Home > Other > Hillside Stranglers > Page 30
Hillside Stranglers Page 30

by Darcy O'Brien


  He’s not very objective. I can’t help what my past was. . . . I know what he’s shooting for and I don’t blame him. But I don’t understand what’s happening to me. . . . I dislike it when people make up their minds before they get into a situation. He doesn’t understand that there’s a difference between knowing of doing something and having no control and not knowing of doing something, therefore having no control. He’s definitely not objective. I don’t think he really understands what’s been happening in my life. . . . Dr. F[aerstein] feels, I believe, that if I have knowledge of things now, I’ve had such knowledge all along. . . .

  When Kenny wrote that Dr. Faerstein was “not very objective,” he expressed a quite reasonable fear that Dr. Faerstein was being entirely objective and was disturbingly, to Kenny, immune to the Bianchi charm and alert to the Bianchi lies. Dr. Faerstein’s indifference to the Steve and Billy charade worried him, and after a second session with this alarmingly skeptical doctor, Kenny wrote a new kind of entry in his diary:

  I, Kenneth A. Bianchi, being of sound mind and body, do hereby write this, my last will and testament. To my son Ryan I leave all my worldly goods, as little as that may be, it goes to him with my deepest love. It is profound to me that I have had to experience more confusion and mistrust and insincerity in society, if only the right people had been wise enough to follow through with their responsibilities, during the years of forming me into the mold of adulthood, I wouldn’t be where I am now. There’s a sadness in misunderstanding, an emptiness like a hollow egg. The egg which can produce life in two ways, one in creation and one in sustenance [sic] and not realizing the potential of either.

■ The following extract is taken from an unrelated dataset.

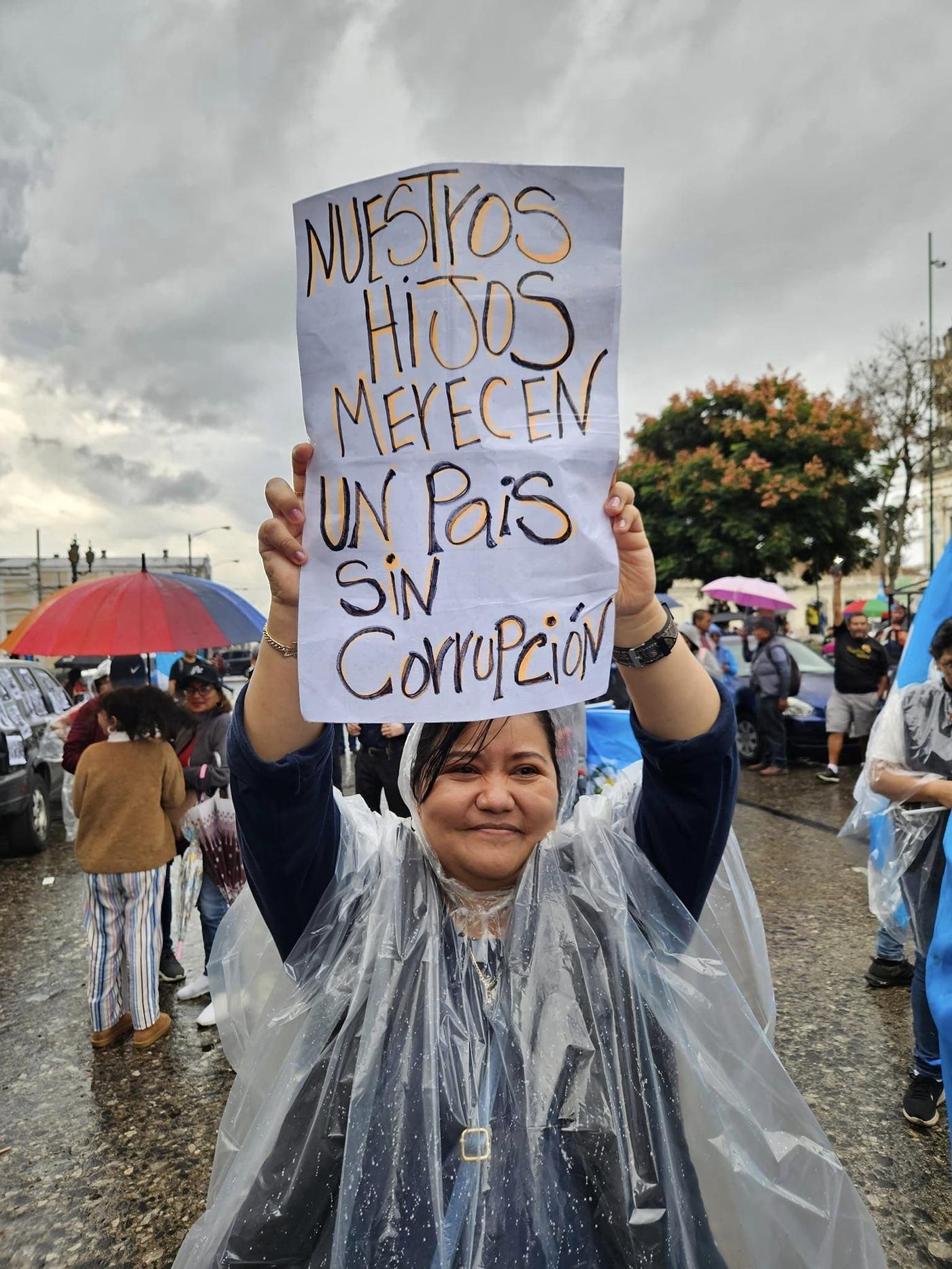Las y los manifestantes se concentraron en La Plaza las Niñas en el Centro Histórico, y la lluvia no impidió que familias completas se manifestaran exigiendo la renuncia de los funcionarios del MP y del juez Orellana.

  Of course, Kenny did not have to write a will to leave his son the only Bianchi legacy, malignity and shame. But the will does serve as testament to his final thoughts whenever he would come to breathe his last: Whatever I have done, be sure to blame someone else. The will is in its own way and with its banal final simile an eloquent statement of an approach to life not unique to Bianchi in the twentieth century.

  But if Kenny felt discouraged, Dr. Allison did not. Dr. Allison reviewed the videotapes of Dr. Orne’s interviews and, ignorant of Dr. Orne’s techniques and conclusions, saw there not a refutation but further confirmation of a multiple personality diagnosis. Why, a third personality had emerged! Billy! If Billy would talk to Dr. Orne, surely Billy would talk to Dr. Allison. Here was a challenge. Now that Billy had arrived, could additional personalities be far behind?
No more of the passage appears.